Several other provably mistaken IDs floated around throughout my case, living in the Task Force primarily. A few made their way to trial presentation in the death penalty phase as “unchanged acts;” unrefuted by defense lawyers.
In my experiences as an investigator I noted many instances where other detectives relied on marginal, faulty, and even malicious witness statements/IDs, tainting their obviously weak cases. Some witnesses simply want to participate in a criminal case to bask in the attention. The Germans have a word for it. Schadenfreude: malicious enjoyment derived from observing someone else’s misfortune. Or simply self-aggrandizement.
Prosecutors, detectives and their supervisors need to monitor their reliance on questionable witness statements of IDs and lessen dependability on such speculative leads. Even the best witness ID of a suspect should be considered circumstantial evidence and supported only with real corroboration.

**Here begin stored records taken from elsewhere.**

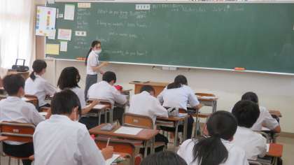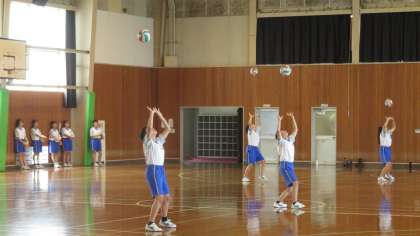 1年・授業風景 公開日 2022/07/06 更新日 2022/07/06 1学年 7月6日(水) 4限 気温は29度、天気はくもり。 蒸し暑いですが、1年生は授業がんばっています! (写真 上:1年2組 英語の授業) (写真 中:1年3組 理科の授業) (写真 下:1年4,5組女子 体育・バレーボー-ルの授業) 「直上オーバーハンドパスのテスト」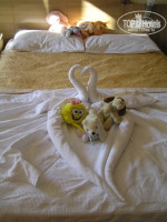 Начну с самого начала. Приехали мы в отель гдето в 14 часов, мы отдали документы для оформления и нас проводили в снек-бар пообедать. По приходу из снек-бара нас сразу разместили. Нас поселили во втором корпусе на "0" этаже а друзей на "1" этаже в старом корпусе (мы правда просили чтобы нас поселили в новый корпус). Номер у нас был с двух-ярустной кроватью, балкон выходил на бассеин, перед окнами пальмы (красота). Номер не большой, но нам хватало. В ванной комнате неуобно прикручен душ к потолку, неудобно мыть ребенка (2годика). Мы взяли пластмасовый стакан поливали дочу из него. Горнирчный (мужчина) был немного ленив, убирался через день, воду вообще не ставил, пока мы сами к нему не подойдем и не попросим . А у друзей была другая горничная, она ежедневно убиралась и воду ставила регулярно. Вопчем сервис зависит от конкретного горничного.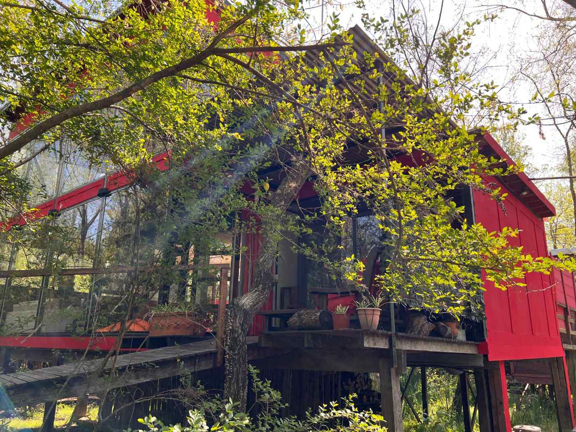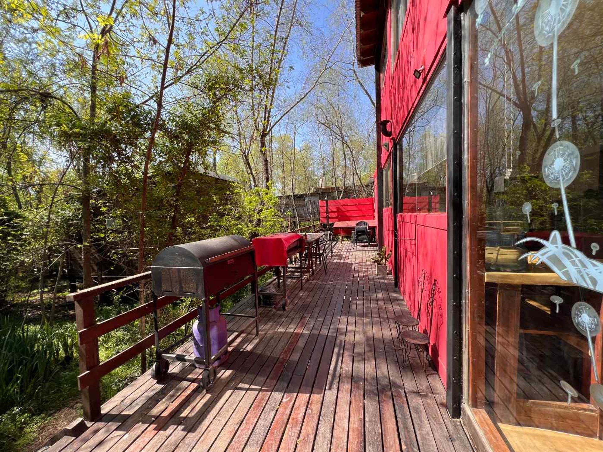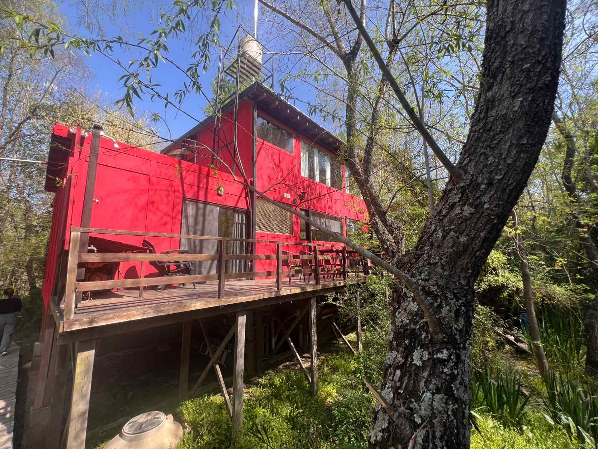La casa principal, actualmente destinada a alquiler temporal turístico, se desarrolla en dos plantas. Al entrar se aprecia una amplia planta de doble altura que alberga un luminoso living‑comedor con cocina integrada, horno eléctrico y anáforas de inducción. Desde la cocina se accede a una extensa galería con ducha. La superficie cubierta asciende a 140 m², complementada por 70 m² de decks y muelle.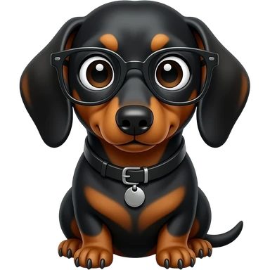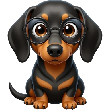 whimsical sitting dachshund wide eyes full body with eye glasses emoji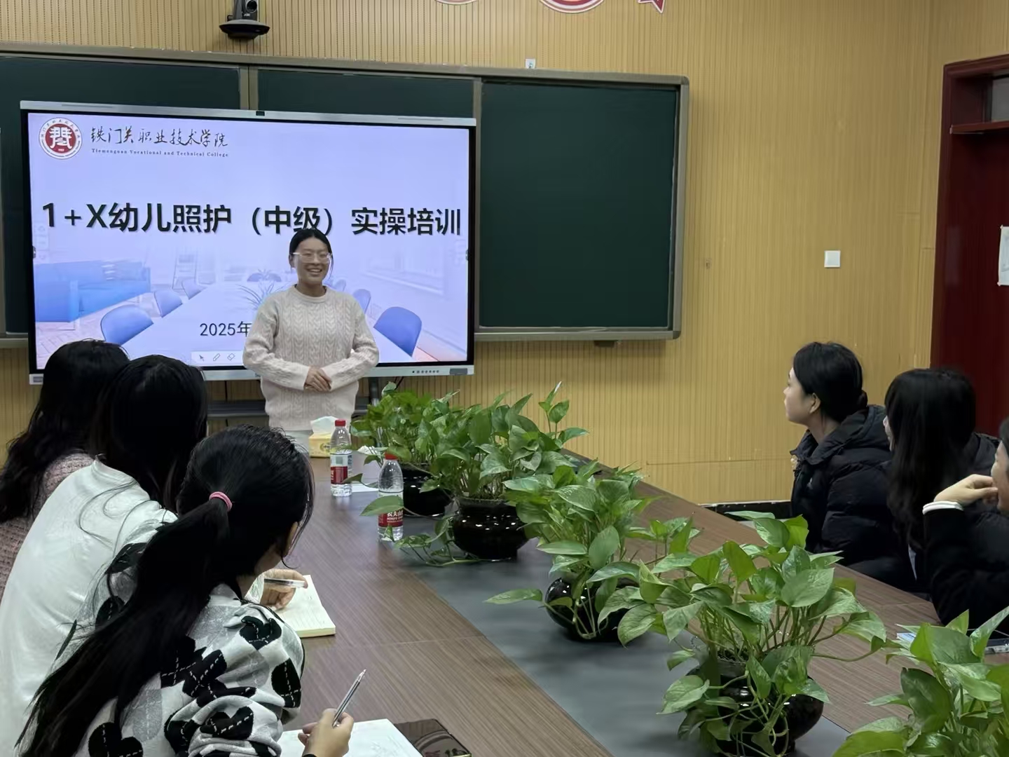 培训伊始,杨永芬老师围绕幼儿急救、营养膳食、区域创设等岗位核心技能展开系统讲解,结合幼儿照护行业规范与教学实际,将理论知识与实操要点有机融合,为参训师生构建了扎实的知识体系,为后续等级考试筑牢基础。

In conjunction with a list of over 750 criminal case exonerations with a mistaken ID component, Aaron Spolin’s book supports his quote, “Witness misidentification destroys lives of innocent people.”
Other mistaken IDs, as well as defense and prosecutorial errors leading to my wrongful conviction are outlined in my 2008 memoir: Points of Truth—Revelations of “the most prolific serial arsonists of the 20th century” available on Amazon.com. I receive no royalties from the book.